Go to the line holding "860 x 560 mm" in the data below and repeat it exactly, then each line after it up to and including the one holding "Баня представляет собой". Omit pictures.
[DATA FOR THIS EXERCISE Boundary: Start]
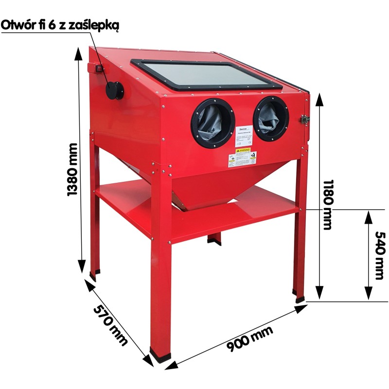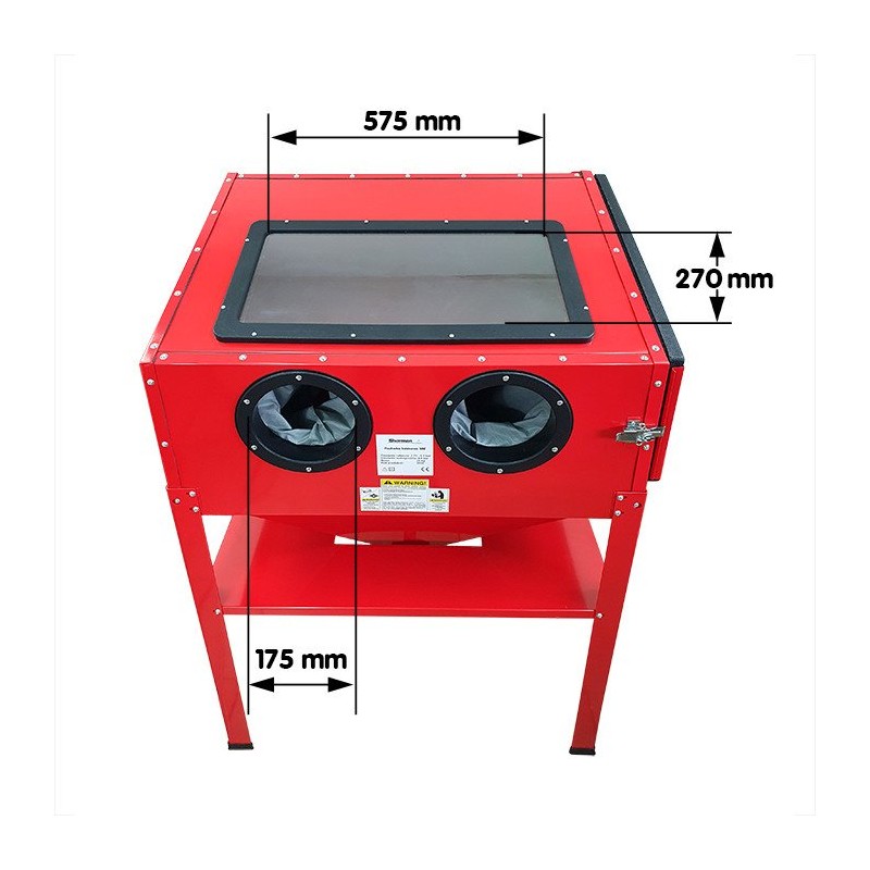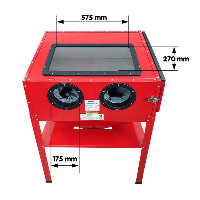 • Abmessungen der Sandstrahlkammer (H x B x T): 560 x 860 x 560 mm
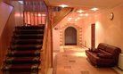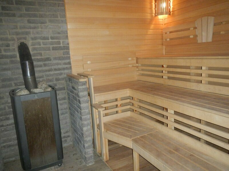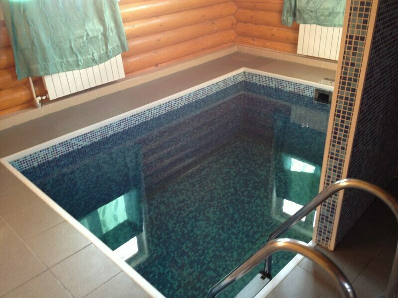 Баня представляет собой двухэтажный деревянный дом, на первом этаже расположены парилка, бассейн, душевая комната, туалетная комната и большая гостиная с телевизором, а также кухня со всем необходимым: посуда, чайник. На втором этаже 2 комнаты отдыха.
[DATA FOR THIS EXERCISE Boundary: End]
[DATA FOR THIS EXERCISE Boundary: Start]
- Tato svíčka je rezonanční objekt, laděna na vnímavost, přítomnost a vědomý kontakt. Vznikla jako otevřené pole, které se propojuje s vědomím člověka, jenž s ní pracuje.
[DATA FOR THIS EXERCISE Boundary: End]
[DATA FOR THIS EXERCISE Boundary: Start]
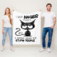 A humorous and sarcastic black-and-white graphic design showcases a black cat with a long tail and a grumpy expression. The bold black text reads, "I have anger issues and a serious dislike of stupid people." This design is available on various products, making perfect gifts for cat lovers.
[DATA FOR THIS EXERCISE Boundary: End]
#### RESPONSE TO THE EXERCISE:
 • Abmessungen der Sandstrahlkammer (H x B x T): 560 x 860 x 560 mm
 Баня представляет собой двухэтажный деревянный дом, на первом этаже расположены парилка, бассейн, душевая комната, туалетная комната и большая гостиная с телевизором, а также кухня со всем необходимым: посуда, чайник. На втором этаже 2 комнаты отдыха.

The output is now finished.